There is obviously a lot of chardonnay planted in New York, because it's adaptable and can grow in a wide array of climates and in different soils. I just wish that more wineries did more interesting things with it.

Your response is well received here Lenn. In the case of Chardonnay, the wine producers too often are trying too hard to create what they perceive is the ideal consumer's wine. They bend the grape to fit into a preconceived ideal based on economics and fashion.

I think you see a more successful Chardonnay produced when the winery knows what it wants to be before they think of the consumer, or trends, or fashions.

When terroir, natural and limited intervention-ist winemaking is allowed to thrive, the wine is just better for it. There's more than enough consumers for THAT type of wine. No matter what its made of.

My point all along is that great Chardonnay is greater than just about anything else (with the possible exception of great Riesling.)

Jim -

Stirring, provocative stuff. Outstanding. In particular, the section on Chablis was gorgeously composed and astutely accurate. I will never forget my first experience with Chablis. It was in a blind tasting, and I was thrilled with the wine - though my assumptions were a multiverse away from Chardonnay. That was the moment when I realized my general disinterest with Chardonnay was threatening to cause me to miss the best.

But I think you touched on an important point - perhaps the most important with Chardonnay. The very best is so, so far superior to the everyday stuff that it is hardly recognizable as related. So yes, you are right to point out that some engage in Chardonnay bigotry, but I won't deny my own general - and continuing! - disinterest with Chardonnay. I'd like to think my disinterest is commensurate with a disinterested winemaker, carelessly cranking out Chardonnay because it's simply expected.

I do not thrill to most Chardonnays. I don't expect that to change. But to Chablis and its ilk, I will always warm to the opportunity. Cheers on a tremendous post.

When the world "discovers" high quality NY wine, Chardonnay will be near the top of the list of varieties that excel in this state. I love NY Chardonnay!

Nice job of writing Jim and I happen to agree with you. Chardonnay has been the victim of the same malaise that beset Merlot - the California winemaking philosophy.

I also agree with your assessment of Chablis - it is some of the most wonderful and interesting white wine in the world. Long Island has made great strides in identifying the correct style for local Chard - eschewing excess oak and letting the fruit shine through - but we can continue to improve with this grape. Longer hang time, better clones, warmer fermentation and indigenous yeast need to be explored further. Also I'm convinced the older our vines get the more complex our wines will become. Like Merlot, it grows really well in our climate and will continue to make some of the region's best wines for many years to come. I know PBW will be one of the producers leading the way.

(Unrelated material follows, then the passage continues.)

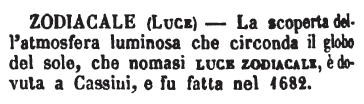 | Zodiacale (Luce) - La scoperta dell'atmosfera luminosa che circonda il globo del sole, che nomasi luce zodiacale, è dovuta a Cassini, e fu fatta nel 1682. [immagine] |

I think that's a great point. New York isn't California, and I don't think Finger Lakes fruit handles excess oak or malo like Kendall Jackson Chardonnay can. IMHO, some of the best Chardonnay in the Finger Lakes are often not the more expensive "reserve" bottlings.

Prejean makes a very nice Chardonnay that can be had for $8 and so does Standing Stone. Plus, they are around 12% alcohol. Talk about food-friendly!!